His own team might eventually have as good a running game as the Irish had three years ago, he said. But Michigan.... "We may not be good enough to beat Michigan. Maybe nobody is."
Wolverine coach Gary Moeller was unimpressed by Holtz's blather. In the three years since Bo Schembechler left, Moeller has endured three wild and often unsatisfying games with the Irish. "It's always something," Moeller said, recounting one strange finish after another in their 1-1-1 series. "And you never know, their team could come together this week."
Because of...? "You know, the distractions."
Who knows what motivated Notre Dame? Holtz allowed as how he had a little meeting with his seniors on Thursday morning, but he wouldn't say regarding what. Perhaps Gipp, on his deathbed, had told Holtz, "Lou, someday when the boys are down...." Who knows? Linebacker Pete Bercich said it was "more of a manor-mouse type of thing."

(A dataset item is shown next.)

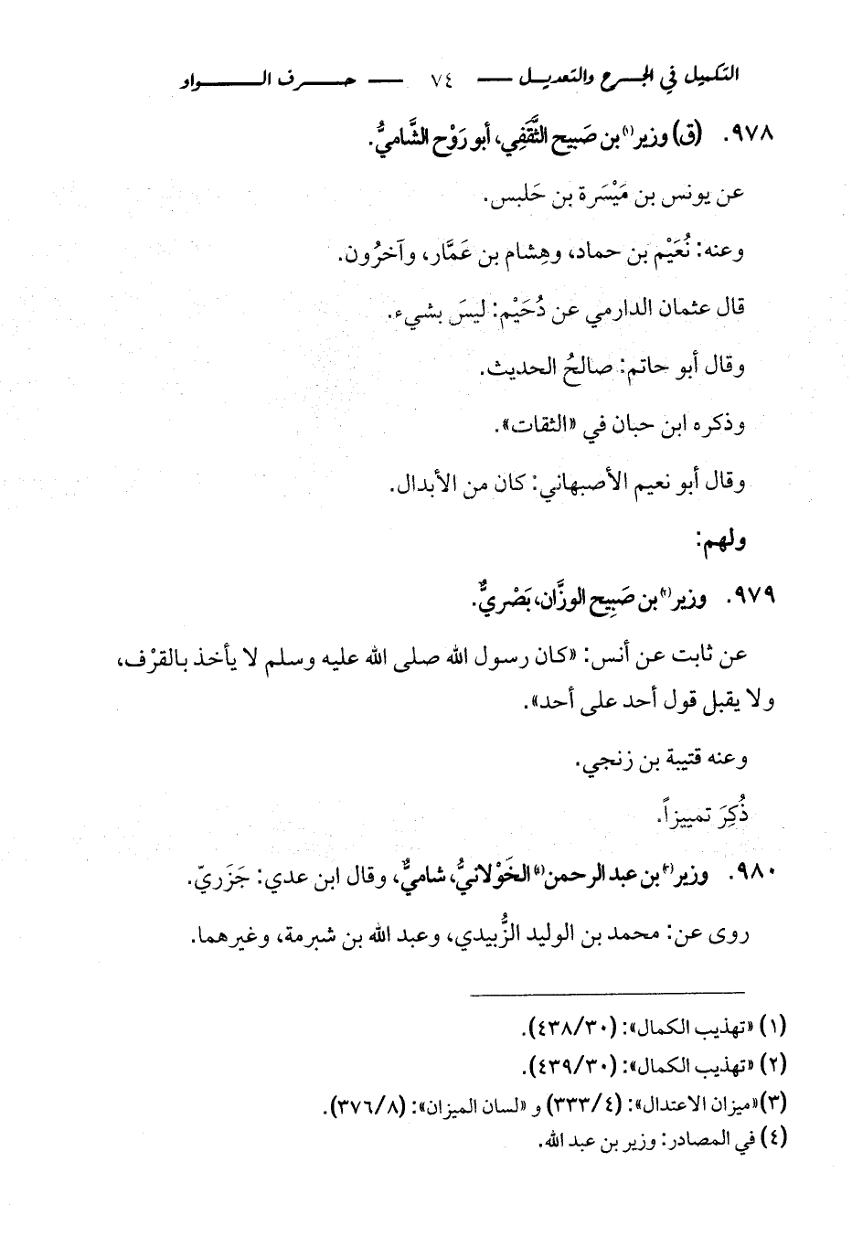 980 - وزير (¬3) بن عبد الرحمن (¬4) الخَوْلانيُّ، شاميٌّ، وقال ابن عدي: جَزَريّ.

But there was some uplift to go along with the challenge. "A tears-in-the-eye type of thing, too," said Bercich. "I was as fired up as I've ever been. I can't say I was angry as much as—well, angry, I guess."
Underdog, beleaguered and, yes, angry with a tear in the eye, the Irish were awesome to behold. Unmindful of the 106,851 fans in Michigan Stadium, another NCAA record, Notre Dame stormed for a score on its first possession. On the final two plays of the drive, McDougal floated a seven-yard pass to tailback Lee Becton, then ran the option 43 yards for the touchdown. Neither McDougal nor Failla—who was kept out of the game because of a hand injury—has "a feel for the option," according to Holtz. Powlus certainly did. Yet there was McDougal skittering down the sideline.
On Notre Dame's next possession, McDougal lofted a 43-yard pass deep to Johnson, the onetime quarterback and now wideout, to set up a first-quarter field goal. A one-minute drill by McDougal pushed the Irish to a 24-10 lead at half-time, by which point he had passed for 137 yards and run for 69. After that, Holtz admitted later, he "buttoned up" the offense prematurely, but by then the Irish had buttoned up Michigan's entirely.
Michigan was not helpless, but it will need to regroup before it can think national championship again. Wheatley was fabulous (146 yards on 25 carries), simply running away from everybody. "He just plays quick," Moeller likes to say of Wheatley. But only one of the Fab Five had more yardage on passes from Collins than Irish safety Jeff Burris, who had 61 yards on two interceptions. "Hopes for the national championship are gone," Collins said.
There was surprising humility all around. Many of the Wolverines have Notre Dame complexes, having been overlooked in recruiting or in postseason honors. Shonte Peoples, Michigan's decorated safety, was still boiling over Notre Dame's decision to stop recruiting him after he had gotten a low score on an admission test. (If true, Peoples's accusation would help refute one point in the distracting book.) "I feel that I'm the best safety in the country," Peoples said before the game. "Whoever Holtz has [Burris], he's not as good as me."
Peoples, who admitted he blew the coverage on McDougal's 43-yard pass to Johnson, ate his words with gusto after the game. "In the first half I didn't measure up," he said.